> _EXERCISE REQUIREMENTS_:
Retype exactly the lines from the one that contains "за юношеска Шампионска" through the end of the listing, both included, but not the pictures.

> _SOURCE DATA_:
+ + + + +

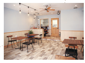
わんちゃん連れてなくても、お気軽に

3 Trimming&Cafe +Wan ぶらすわん 鳥浜駅徒歩3分 ☎045(873)1211 金沢区富岡東2-5-28 1F 9:30~18:00 月曜定休(祝日の場合は火曜)
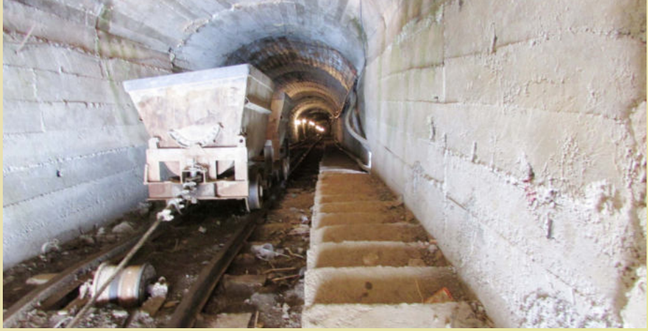
ការរដ្ឋានអណ្តូងរ៉ែ (ខេត្តក្រចេះ)

ត្រួតពិនិត្យលក្ខខណ្ឌការងារ នៅក្រុមហ៊ុនវ៉ែស៊ីងយន្តគ័ង ខូអិលធីឌី ហើយបានធ្វើការពន្យល់ណែនាំដល់តំណាងក្រុមហ៊ុនឱ្យគោរពច្បាប់ការងារ និងច្បាប់ការងាររបស់ ប.ស.ស ដោយឱ្យតំណាងក្រុមហ៊ុន ធ្វើការអប់រំណែនាំដល់កម្មករនិយោជិតរបស់ខ្លួនឱ្យចេះវិន័យវិធីសាស្ត្រ ក្នុងការទប់ស្កាត់ និងបង្ការគ្រោះថ្នាក់ផ្សេងៗដែលកើតឡើងជាថាហេតុ ហើយឱ្យមានការគោរពវិន័យការងារបានល្អ អនាម័យល្អ និងឱ្យមានការរស់នៅស្អាតផងដែរ។
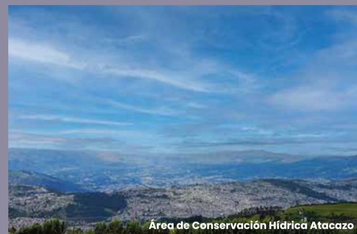
Área de Conservación Hídrica Atacazo

cuperación y gestión sostenible de estos importantes ecosistemas, partiendo del intercambio de conocimientos y experiencias sobre los problemas y necesidades sociales, económicos y ambientales, logrando una mejor comprensión y análisis sobre su realidad actual e identificando posibles soluciones, propuestas y oportunidades.
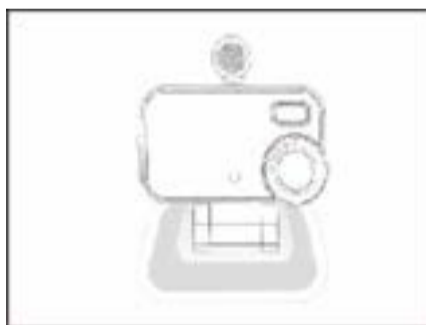
2. Put the device on the pad.
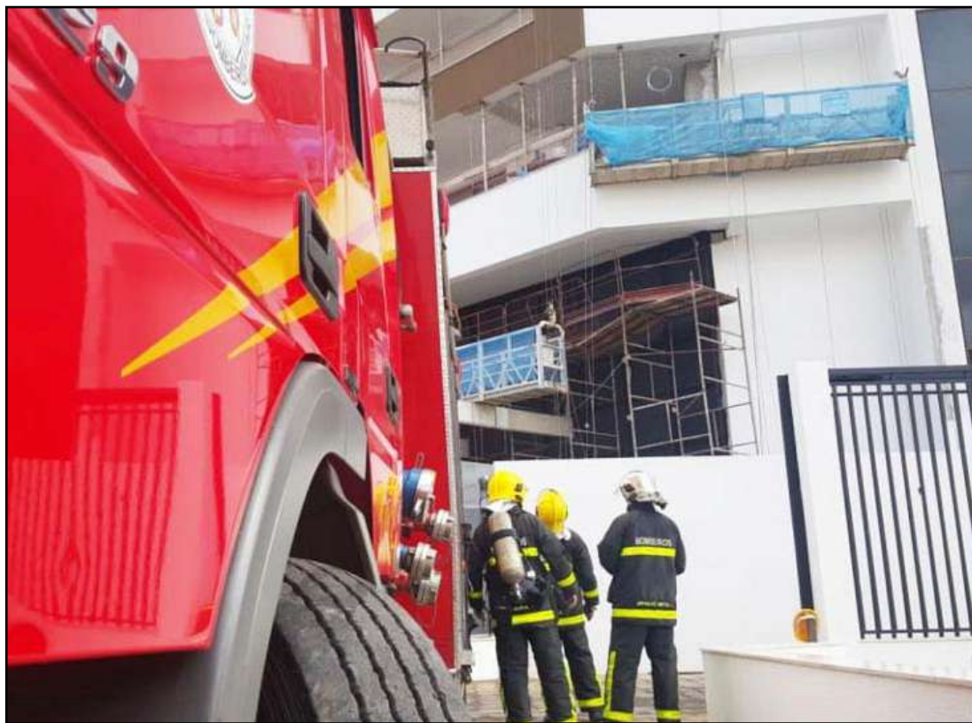
Incidente ocorreu no sétimo andar de prédio em construção no Centro da Capital

Devido à fumaça, alguns funcionários passaram mal e foram atendidos no local. Ninguém ficou ferido.
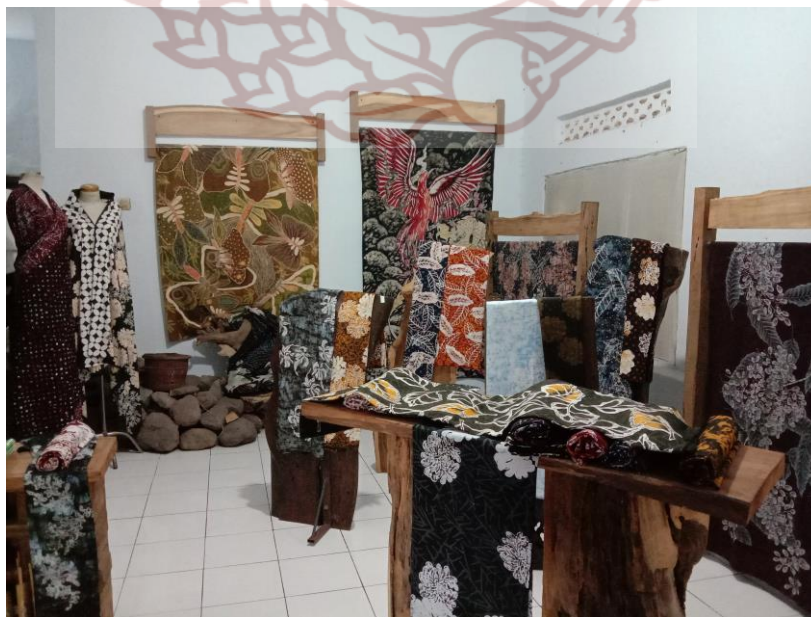
Gambar 6. Showroom Batik Ki Joyo di Pasuruan (Foto: Halimatus Sa'diyah, 27 Januari 2020)
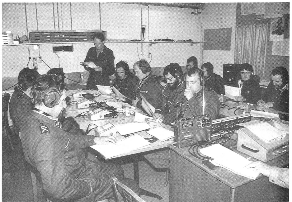
Frischten ihre Kenntnisse im Sprechfunk auf: die Teilnehmer des Open Door-Kurses.

war unsere Sektion mit einer Delegation von 4½ Mitgliedern vertreten. Der «halbe» Delegierte hatte leider das Pech, auf dem Bahnhof
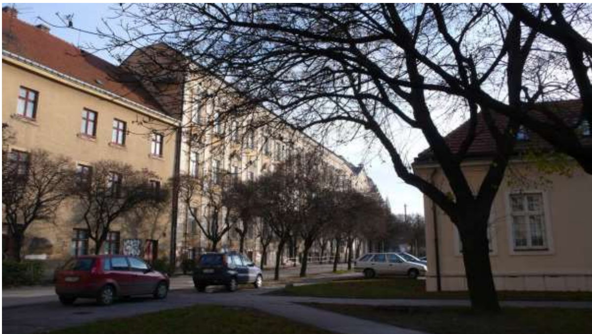
1 – HO - pohľad južným smerom na historickú dominantu univerzitných budov
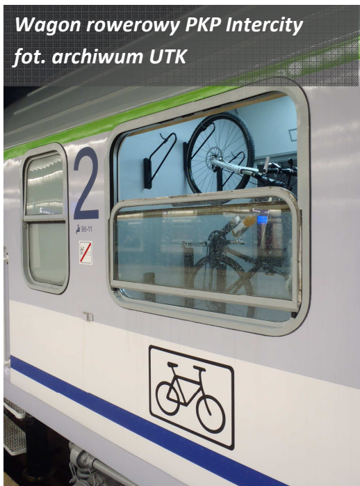
Wagon rowerowy PKP Intercity

Pasażer zajmuje miejsce w tym samym wagonie, gdzie w wydzielonym i oznakowanym miejscu jest przewożony jego rower (zwykle umieszczony na wieszaku). Przeszkłone drzwi do przestrzeni bezprzedziałowej lub okno w ścianie przedziału pozwalają obserwować, czy rowery podróżują bezpiecznie.
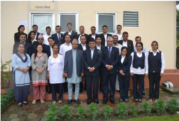
प्रशिक्षण कार्यक्रमका सहभागी सरकारी वकीलज्यूहरू सँग सामूहिक तास्विर खिचाउँदै कार्यकारी निर्देशकज्यू

महान्यायाधिवक्ताको कार्यालय र अन्तर्गतका सरकारी वकील कार्यालयहरूमा कार्यरत राजपत्रांकित तृतीय श्रेणीका सरकारी वकीलहरूलाई लक्षित गरी मिति २०७३ भाद्र २६ गतेदेखि ३० गतेसम्म उपर्युक्त
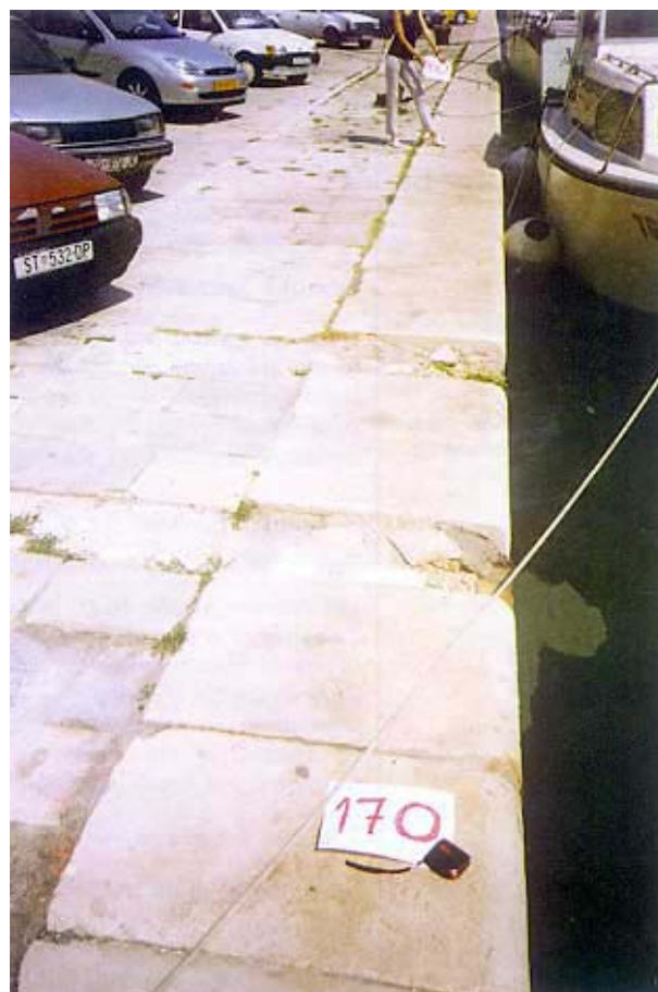
Slika 2. Tipični izgled obale prije sanacije

Na temelju provedenih istražnih radova i analiza, utvrđeno je da je postojeća obala u nezadovoljavajućem stanju i da ju je potrebno hitno sanirati [1], [2], [3]. Nedostaci i oštećenja obale (slika 2.) mogu se svrstati u tri osnovne grupe:
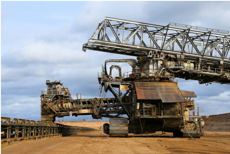
Tagebau Hambach: Schaufelradbagger 291, Bandbeladewagen mit Übergabeausleger und Bandbeladekopf
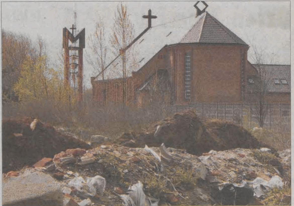
Śmieci za kościołem na Korabce to poważny problem, jest ich tak dużo, że sprzątnięcie ich będzie kosztować nawet 20 tys. zł.
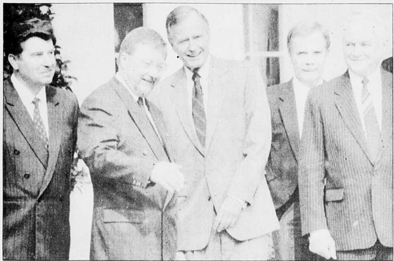
Le président Bush rencontrait hier les présidents des pays baltes. De gauche à droite, Anatoliss Gorbunovs, de Lettonie, Vitautas Landbergis, de Lituanie, et à l'extrême droite, Arnold Fedorovich, d'Estonie.

London estime pour sa part que l'Union de l'Europe occidentale (UEO) devrait envoyer environ 30 000 hommes en Yougoslavie pour avoir une chance d'y faire respecter le cessez-le-feu entre les factions bellicieuses.
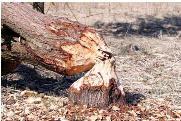
Biberspuren auf dem Mauerweg

Vom Bahnhof sind wir am neuen Rathaus vorbei zum am Oder-Havel-Kanal gelegenen Hafen gelaufen. Hier verläuft der neu-
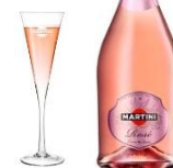
▲MARTINI ロゼ ボトル
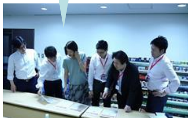
どのアイデアも 雪見だいふくへの 愛にあふれていて

「雪見だいふく」の開発・研究担当者をはじめ、 ロッテ社員が心を込めて選考いたしました。
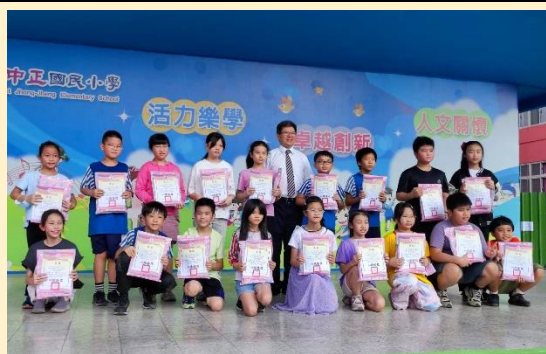
模範兒童與孝悌楷模頒獎表揚
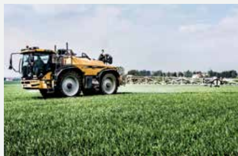
Einsatz beim Pflanzenschutz: Nachgemachte Sprühmittel führen zu Ernteverlusten.
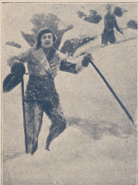
Słynna tenisistka Lilly Alvarez na nartach.
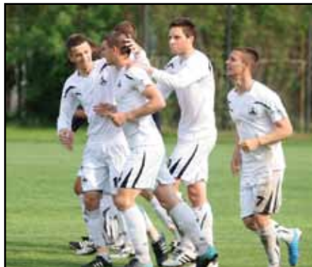
Дано моментите с радващи се „бели” футболисти да бъдат нещо обичайно и напролет в детско-юношеските групи на „Славия”

за юношеска Шампионска лига. Тогава най-та-
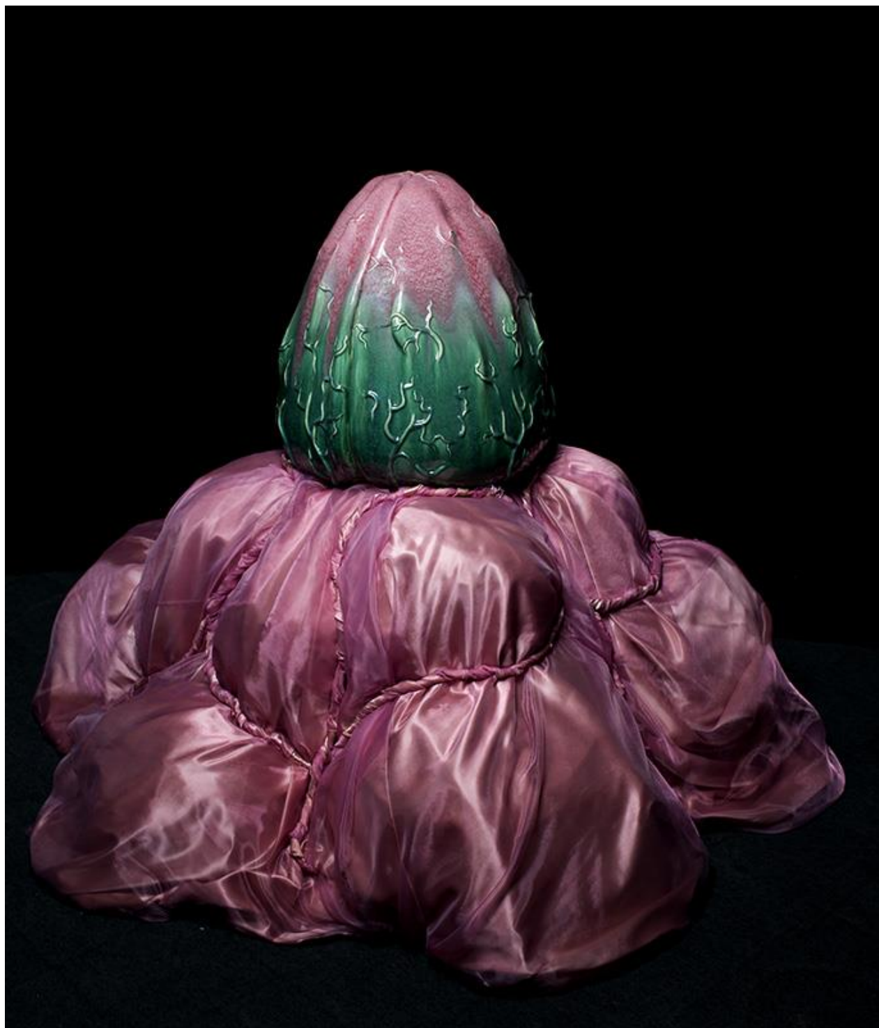
"Duktig Flicka" Vårutställning, Konstfack 2013

+ + + + +

> _EXERCISE ANSWER_:
за юношеска Шампионска лига. Тогава най-та-
"Duktig Flicka" Vårutställning, Konstfack 2013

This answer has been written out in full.